* DATASET EXTRACT:
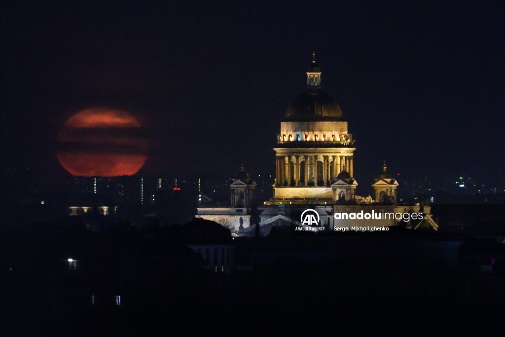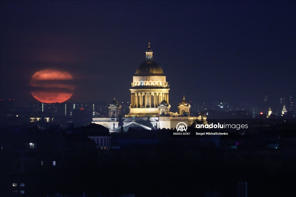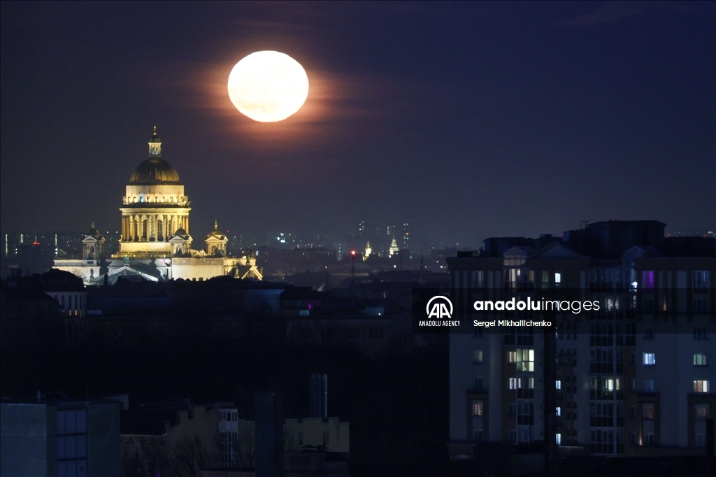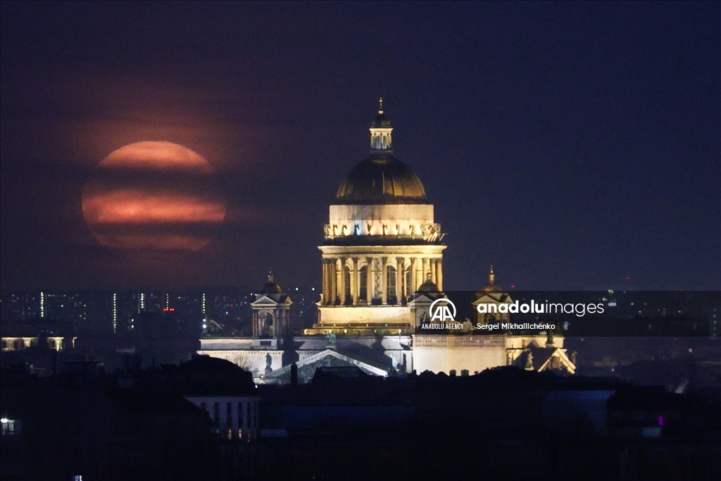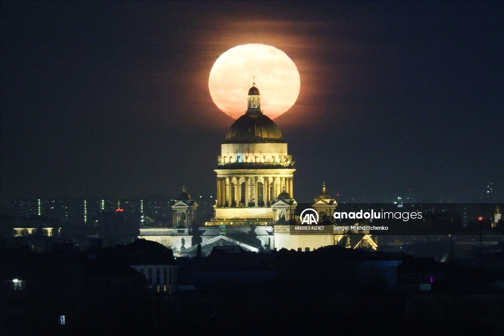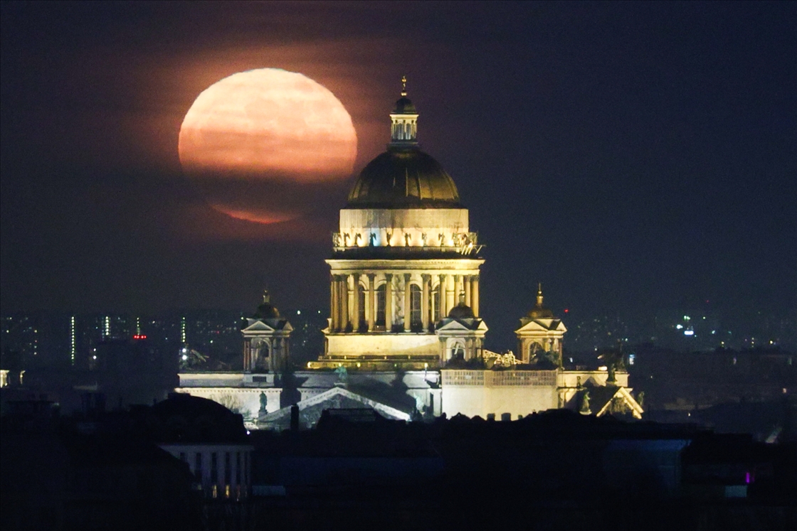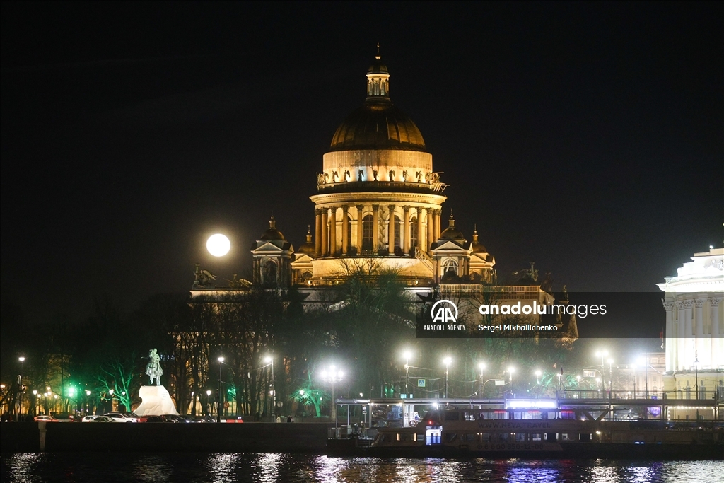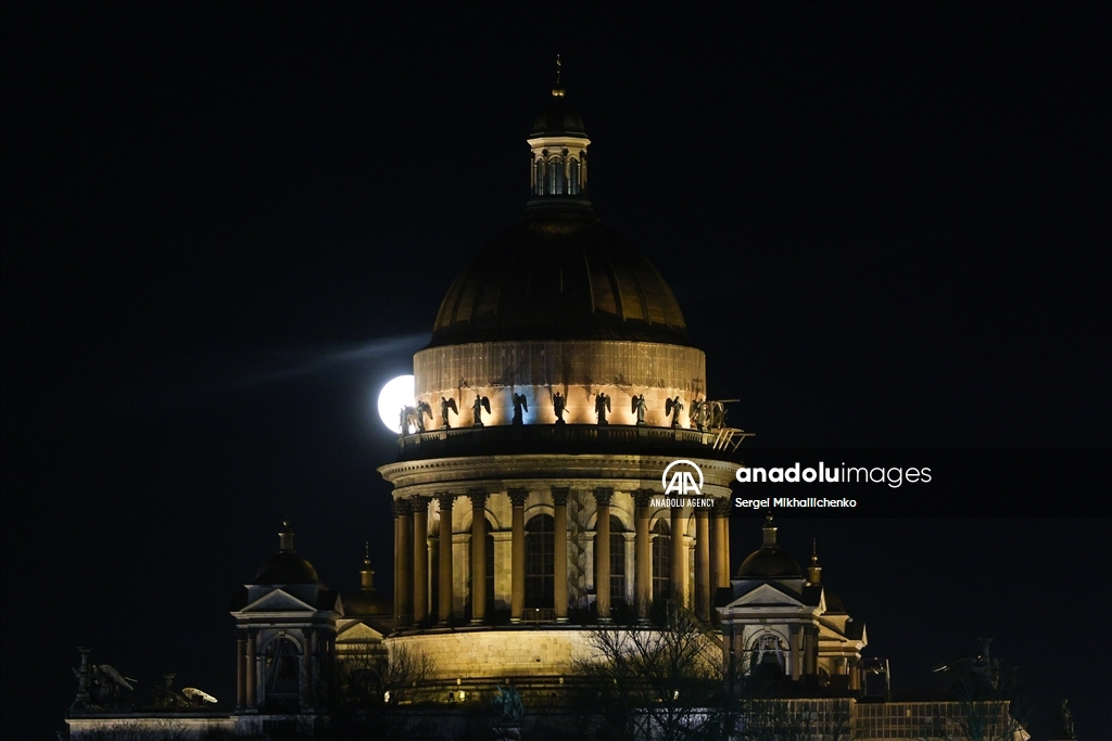 SAINT-PETERSBURG, RUSSIA - APRIL 13: Full moon rises over St Isaac Cathedral in Saint-Petersburg, Russia on April 13, 2025. ( Sergei Mikhailichenko - Anadolu Agency )Sergei Mikhailichenko
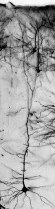 mittels Golgi-Färbung dargestellte Pyramidenzelle im Neocortex der Maus
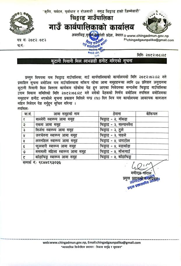 » कुटानी पिसानी मिल लाभग्राही छनोट गरिएको सूचना ।
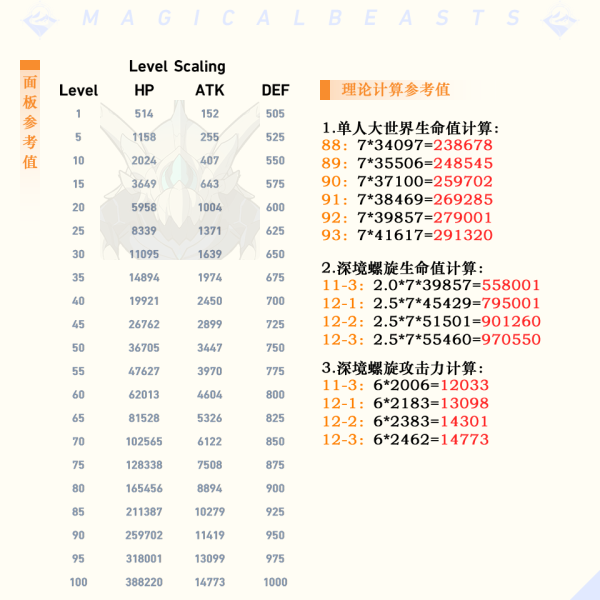 该表计算了可能遇到的等级的圣骸角鳄的数据,包括深境螺旋。

* REQUIRED ACTION:
Give an exact copy of the data, and omit any pictures it holds.

* RESPONSE AREA:
 SAINT-PETERSBURG, RUSSIA - APRIL 13: Full moon rises over St Isaac Cathedral in Saint-Petersburg, Russia on April 13, 2025. ( Sergei Mikhailichenko - Anadolu Agency )Sergei Mikhailichenko
 mittels Golgi-Färbung dargestellte Pyramidenzelle im Neocortex der Maus
 » कुटानी पिसानी मिल लाभग्राही छनोट गरिएको सूचना ।
 该表计算了可能遇到的等级的圣骸角鳄的数据,包括深境螺旋。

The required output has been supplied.